** Opening DATA BLOCK block **
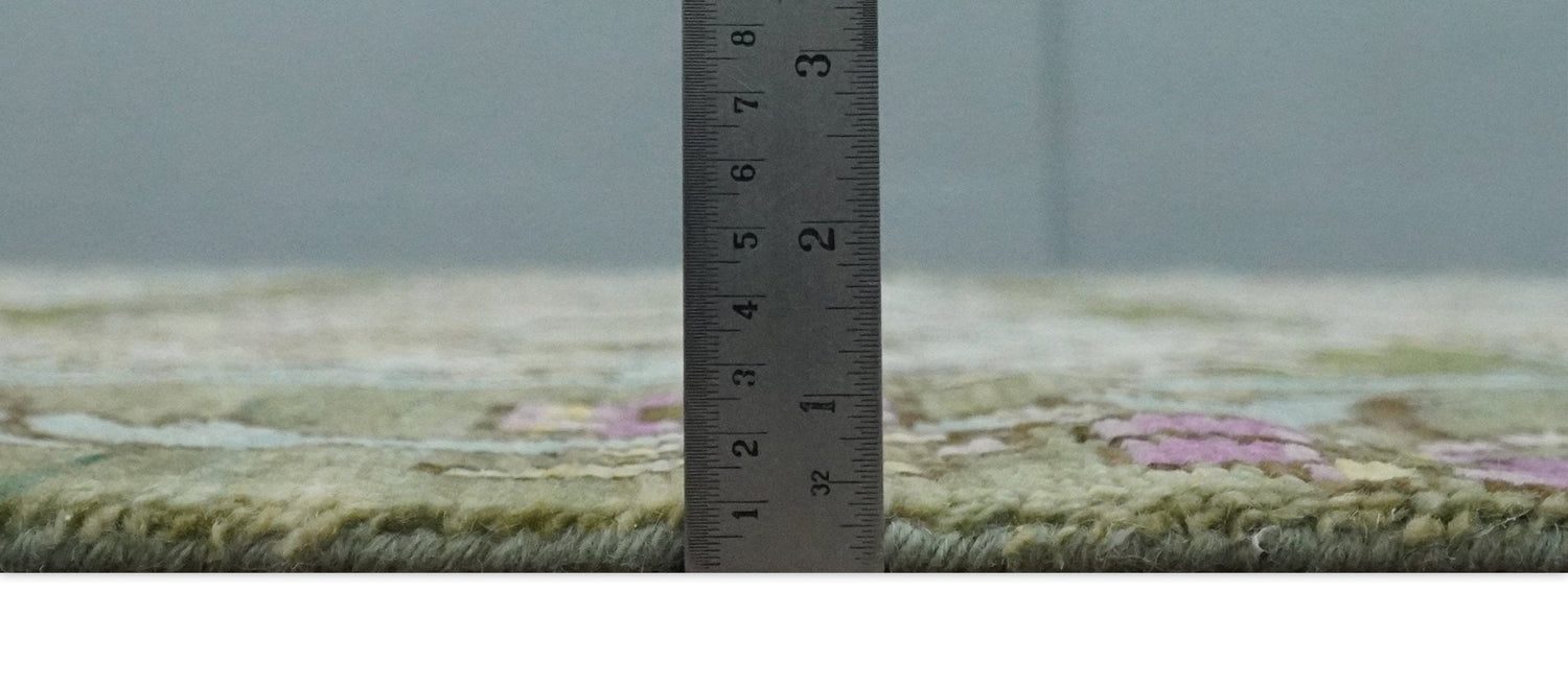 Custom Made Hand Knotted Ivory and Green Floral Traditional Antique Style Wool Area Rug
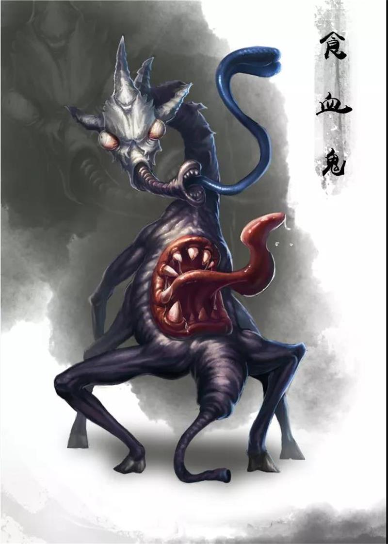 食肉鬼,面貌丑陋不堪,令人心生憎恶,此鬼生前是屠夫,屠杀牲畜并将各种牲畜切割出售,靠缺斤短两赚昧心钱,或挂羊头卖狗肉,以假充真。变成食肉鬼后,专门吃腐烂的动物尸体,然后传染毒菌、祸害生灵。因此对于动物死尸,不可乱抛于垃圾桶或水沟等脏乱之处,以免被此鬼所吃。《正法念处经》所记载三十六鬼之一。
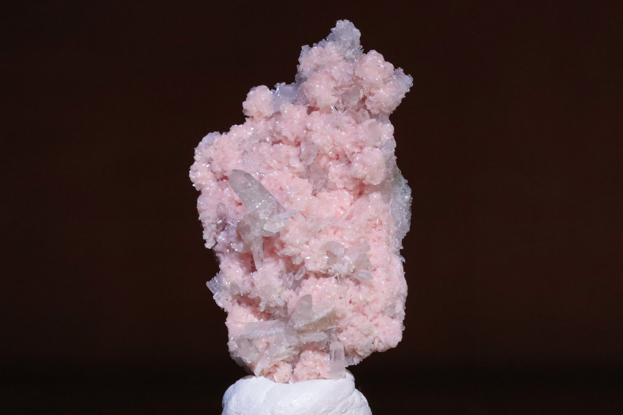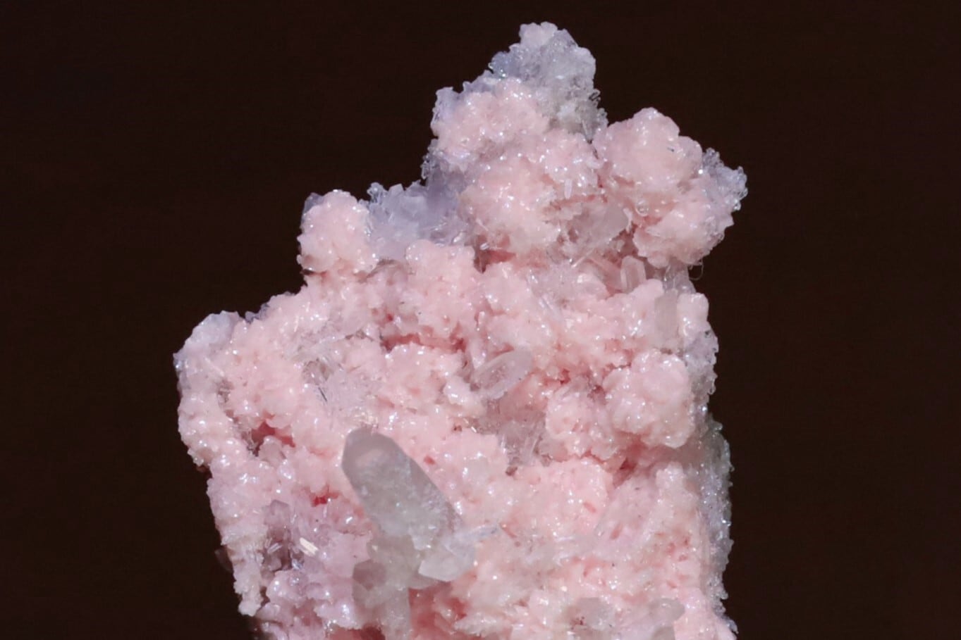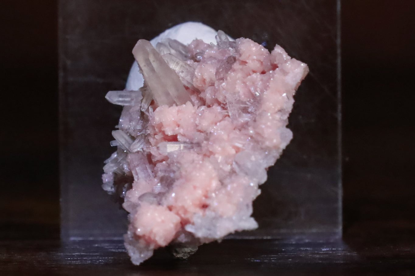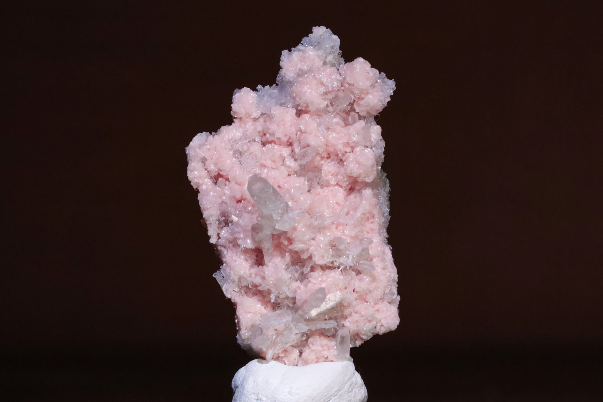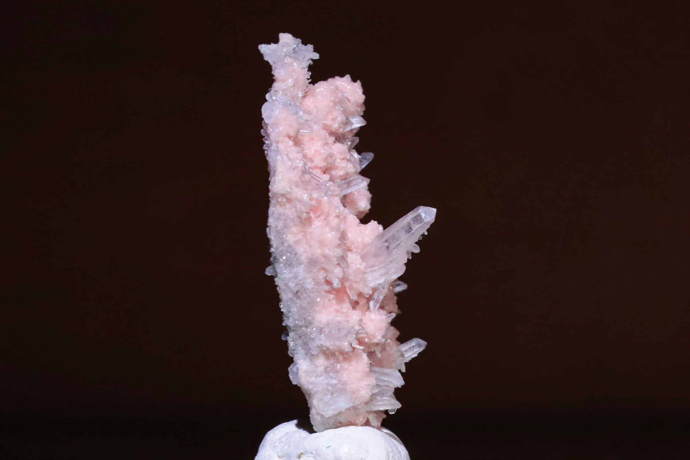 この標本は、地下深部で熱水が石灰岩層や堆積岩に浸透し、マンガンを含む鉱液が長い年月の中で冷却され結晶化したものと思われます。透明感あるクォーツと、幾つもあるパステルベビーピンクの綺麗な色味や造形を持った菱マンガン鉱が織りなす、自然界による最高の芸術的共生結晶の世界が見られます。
** Closing DATA BLOCK block **
• TASK DETAILS: Leave out any pictures and return exactly the lines from the beginning of the data through the line with "食肉鬼,面貌丑陋不堪,令人心", inclusive.

• EXERCISE SOLUTION:
 Custom Made Hand Knotted Ivory and Green Floral Traditional Antique Style Wool Area Rug
 食肉鬼,面貌丑陋不堪,令人心生憎恶,此鬼生前是屠夫,屠杀牲畜并将各种牲畜切割出售,靠缺斤短两赚昧心钱,或挂羊头卖狗肉,以假充真。变成食肉鬼后,专门吃腐烂的动物尸体,然后传染毒菌、祸害生灵。因此对于动物死尸,不可乱抛于垃圾桶或水沟等脏乱之处,以免被此鬼所吃。《正法念处经》所记载三十六鬼之一。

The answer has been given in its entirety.